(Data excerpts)
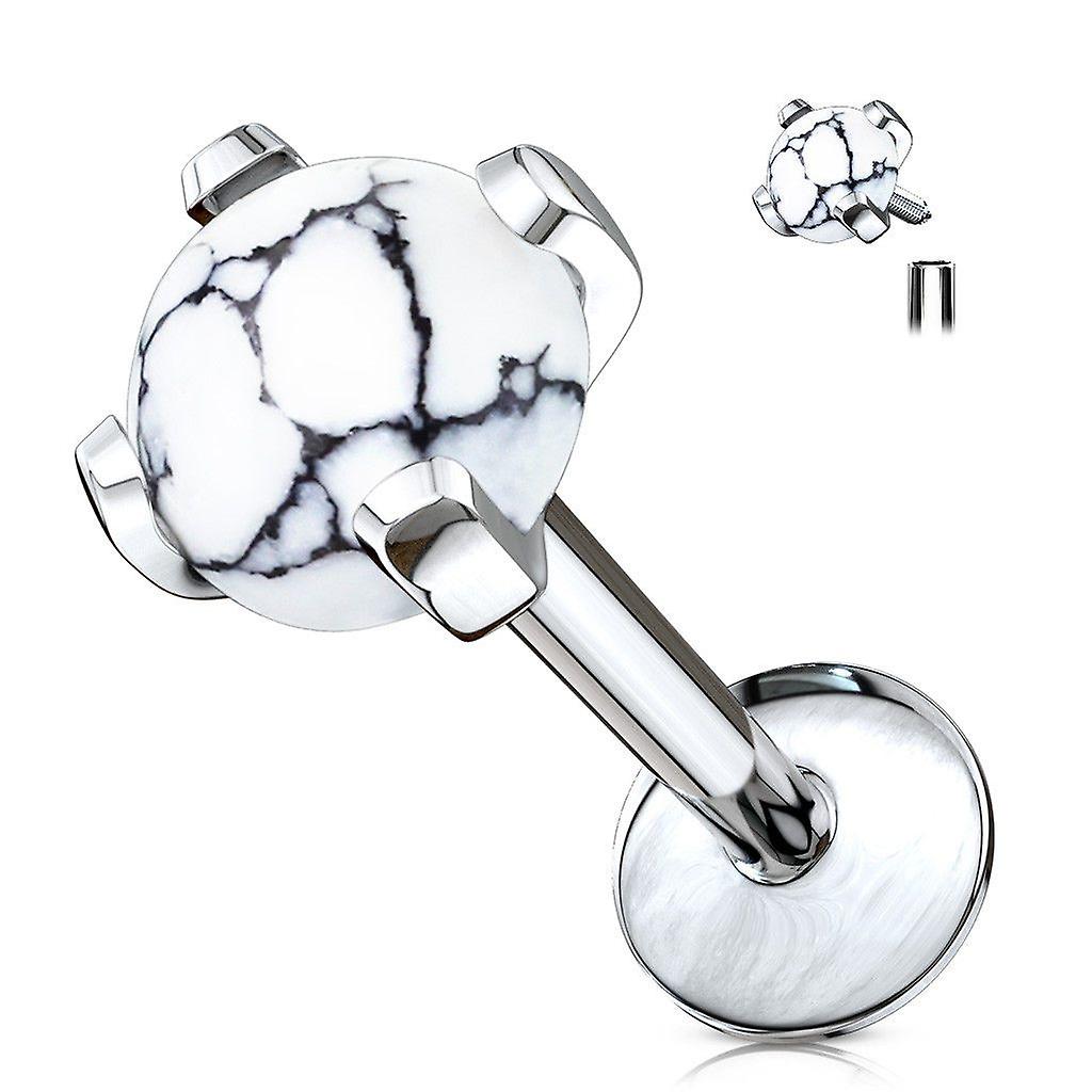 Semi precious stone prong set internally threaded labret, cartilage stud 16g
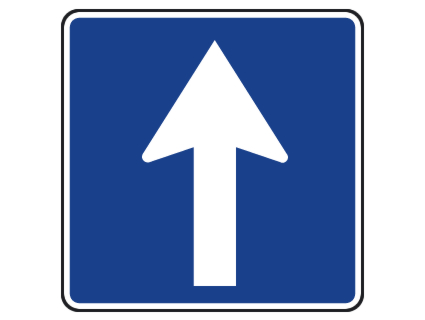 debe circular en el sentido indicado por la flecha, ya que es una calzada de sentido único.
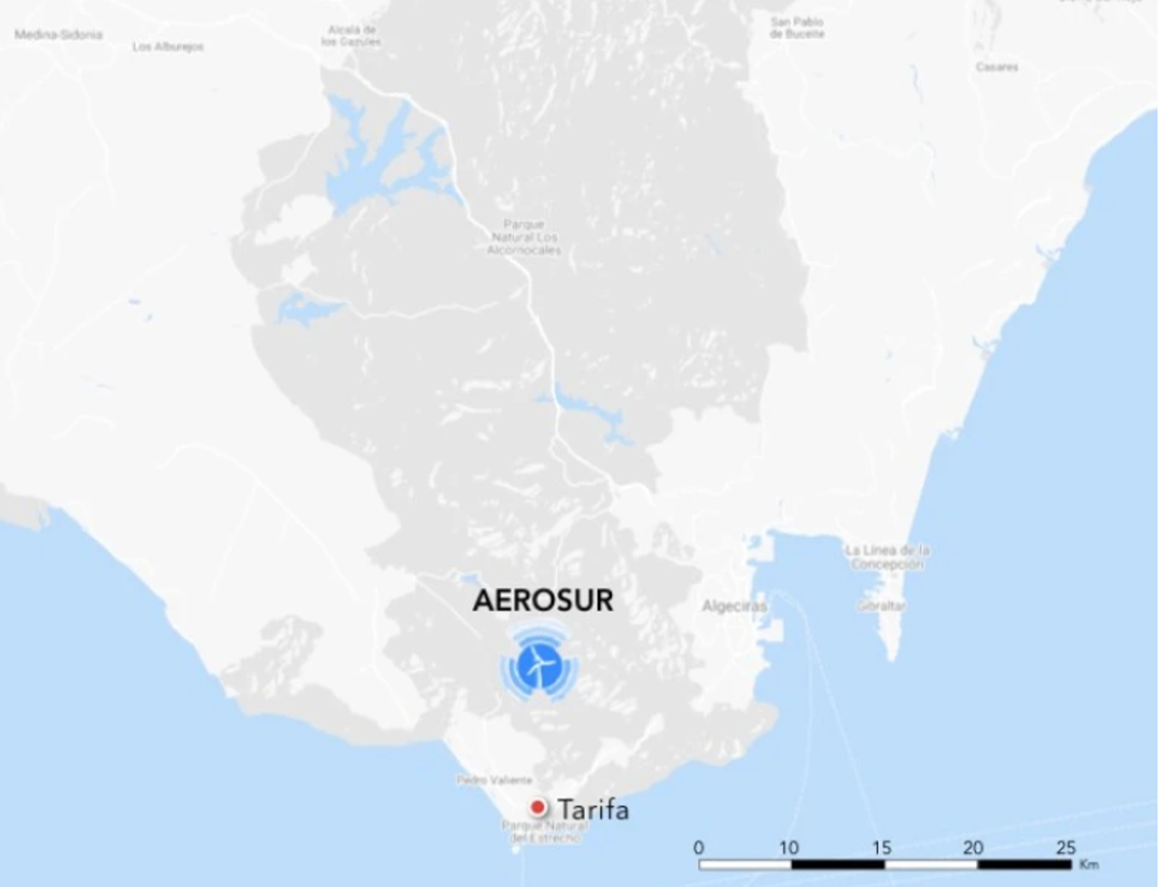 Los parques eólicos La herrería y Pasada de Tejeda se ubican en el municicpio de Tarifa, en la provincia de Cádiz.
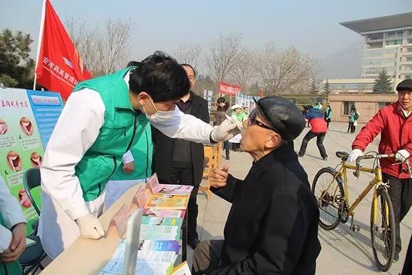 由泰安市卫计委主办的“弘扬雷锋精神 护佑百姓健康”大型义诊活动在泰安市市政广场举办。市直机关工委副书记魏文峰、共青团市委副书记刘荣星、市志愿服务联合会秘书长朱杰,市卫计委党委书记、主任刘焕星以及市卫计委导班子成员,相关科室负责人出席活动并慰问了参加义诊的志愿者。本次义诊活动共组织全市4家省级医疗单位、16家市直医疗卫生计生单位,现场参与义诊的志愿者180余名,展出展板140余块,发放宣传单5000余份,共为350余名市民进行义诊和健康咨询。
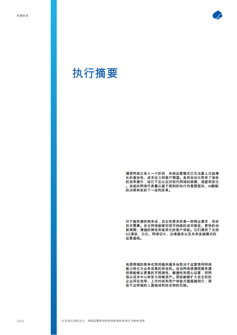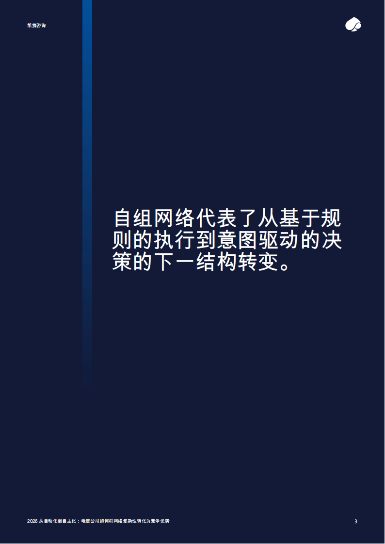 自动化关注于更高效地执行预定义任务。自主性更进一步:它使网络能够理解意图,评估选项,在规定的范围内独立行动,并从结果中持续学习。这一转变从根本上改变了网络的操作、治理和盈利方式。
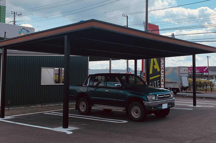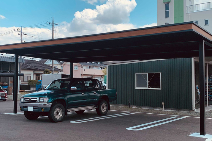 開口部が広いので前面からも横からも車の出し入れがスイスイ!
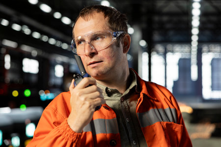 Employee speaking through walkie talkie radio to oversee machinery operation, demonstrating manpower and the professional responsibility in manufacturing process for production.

* * *

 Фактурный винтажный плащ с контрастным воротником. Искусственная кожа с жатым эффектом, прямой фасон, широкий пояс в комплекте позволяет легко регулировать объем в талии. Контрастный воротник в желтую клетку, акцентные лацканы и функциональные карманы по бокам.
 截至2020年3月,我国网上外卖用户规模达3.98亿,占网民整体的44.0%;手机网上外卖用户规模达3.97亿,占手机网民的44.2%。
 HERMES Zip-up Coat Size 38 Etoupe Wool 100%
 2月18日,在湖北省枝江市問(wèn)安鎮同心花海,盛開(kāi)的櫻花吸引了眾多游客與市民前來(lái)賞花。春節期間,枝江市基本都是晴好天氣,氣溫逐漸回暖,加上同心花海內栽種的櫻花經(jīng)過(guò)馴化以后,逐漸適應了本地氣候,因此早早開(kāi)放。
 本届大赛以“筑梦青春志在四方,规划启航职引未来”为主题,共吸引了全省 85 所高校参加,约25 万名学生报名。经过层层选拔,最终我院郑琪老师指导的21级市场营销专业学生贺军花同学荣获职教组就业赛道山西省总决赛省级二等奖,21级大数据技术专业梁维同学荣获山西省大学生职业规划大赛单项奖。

• _YOUR TASK_
Write down, word for word, the lines above from the one containing "Фактурный винтажный плащ" through the one containing "2月18日,在湖北省枝江市問", both ends included.

• _SOLUTION TO THE EXERCISE_
 Фактурный винтажный плащ с контрастным воротником. Искусственная кожа с жатым эффектом, прямой фасон, широкий пояс в комплекте позволяет легко регулировать объем в талии. Контрастный воротник в желтую клетку, акцентные лацканы и функциональные карманы по бокам.
 截至2020年3月,我国网上外卖用户规模达3.98亿,占网民整体的44.0%;手机网上外卖用户规模达3.97亿,占手机网民的44.2%。
 HERMES Zip-up Coat Size 38 Etoupe Wool 100%
 2月18日,在湖北省枝江市問(wèn)安鎮同心花海,盛開(kāi)的櫻花吸引了眾多游客與市民前來(lái)賞花。春節期間,枝江市基本都是晴好天氣,氣溫逐漸回暖,加上同心花海內栽種的櫻花經(jīng)過(guò)馴化以后,逐漸適應了本地氣候,因此早早開(kāi)放。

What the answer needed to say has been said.